- **HOW TO COMPLETE THIS TASK**
Read the entries that follow and give each one again precisely.

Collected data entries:
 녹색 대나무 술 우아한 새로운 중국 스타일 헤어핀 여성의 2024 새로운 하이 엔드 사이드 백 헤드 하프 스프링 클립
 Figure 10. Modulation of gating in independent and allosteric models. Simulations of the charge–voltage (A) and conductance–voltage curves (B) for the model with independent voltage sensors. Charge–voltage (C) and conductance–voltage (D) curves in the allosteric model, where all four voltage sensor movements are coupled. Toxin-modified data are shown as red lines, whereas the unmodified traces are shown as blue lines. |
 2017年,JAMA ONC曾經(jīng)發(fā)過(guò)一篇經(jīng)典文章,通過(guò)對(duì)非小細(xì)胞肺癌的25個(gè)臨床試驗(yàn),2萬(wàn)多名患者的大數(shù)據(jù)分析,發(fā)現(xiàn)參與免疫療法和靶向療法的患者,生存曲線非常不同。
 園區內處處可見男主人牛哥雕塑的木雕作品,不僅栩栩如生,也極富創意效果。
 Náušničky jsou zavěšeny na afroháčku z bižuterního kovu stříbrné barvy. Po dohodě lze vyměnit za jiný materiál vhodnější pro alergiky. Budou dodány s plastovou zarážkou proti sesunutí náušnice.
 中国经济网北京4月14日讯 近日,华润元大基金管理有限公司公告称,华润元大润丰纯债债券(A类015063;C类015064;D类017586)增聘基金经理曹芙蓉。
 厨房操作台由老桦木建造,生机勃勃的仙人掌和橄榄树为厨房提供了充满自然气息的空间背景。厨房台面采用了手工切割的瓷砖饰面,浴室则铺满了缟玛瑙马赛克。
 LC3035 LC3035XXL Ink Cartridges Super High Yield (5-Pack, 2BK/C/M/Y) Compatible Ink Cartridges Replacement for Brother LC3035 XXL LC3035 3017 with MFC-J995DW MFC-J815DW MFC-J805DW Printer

- **RESULT**
 녹색 대나무 술 우아한 새로운 중국 스타일 헤어핀 여성의 2024 새로운 하이 엔드 사이드 백 헤드 하프 스프링 클립
 Figure 10. Modulation of gating in independent and allosteric models. Simulations of the charge–voltage (A) and conductance–voltage curves (B) for the model with independent voltage sensors. Charge–voltage (C) and conductance–voltage (D) curves in the allosteric model, where all four voltage sensor movements are coupled. Toxin-modified data are shown as red lines, whereas the unmodified traces are shown as blue lines. |
 2017年,JAMA ONC曾經(jīng)發(fā)過(guò)一篇經(jīng)典文章,通過(guò)對(duì)非小細(xì)胞肺癌的25個(gè)臨床試驗(yàn),2萬(wàn)多名患者的大數(shù)據(jù)分析,發(fā)現(xiàn)參與免疫療法和靶向療法的患者,生存曲線非常不同。
 園區內處處可見男主人牛哥雕塑的木雕作品,不僅栩栩如生,也極富創意效果。
 Náušničky jsou zavěšeny na afroháčku z bižuterního kovu stříbrné barvy. Po dohodě lze vyměnit za jiný materiál vhodnější pro alergiky. Budou dodány s plastovou zarážkou proti sesunutí náušnice.
 中国经济网北京4月14日讯 近日,华润元大基金管理有限公司公告称,华润元大润丰纯债债券(A类015063;C类015064;D类017586)增聘基金经理曹芙蓉。
 厨房操作台由老桦木建造,生机勃勃的仙人掌和橄榄树为厨房提供了充满自然气息的空间背景。厨房台面采用了手工切割的瓷砖饰面,浴室则铺满了缟玛瑙马赛克。
 LC3035 LC3035XXL Ink Cartridges Super High Yield (5-Pack, 2BK/C/M/Y) Compatible Ink Cartridges Replacement for Brother LC3035 XXL LC3035 3017 with MFC-J995DW MFC-J815DW MFC-J805DW Printer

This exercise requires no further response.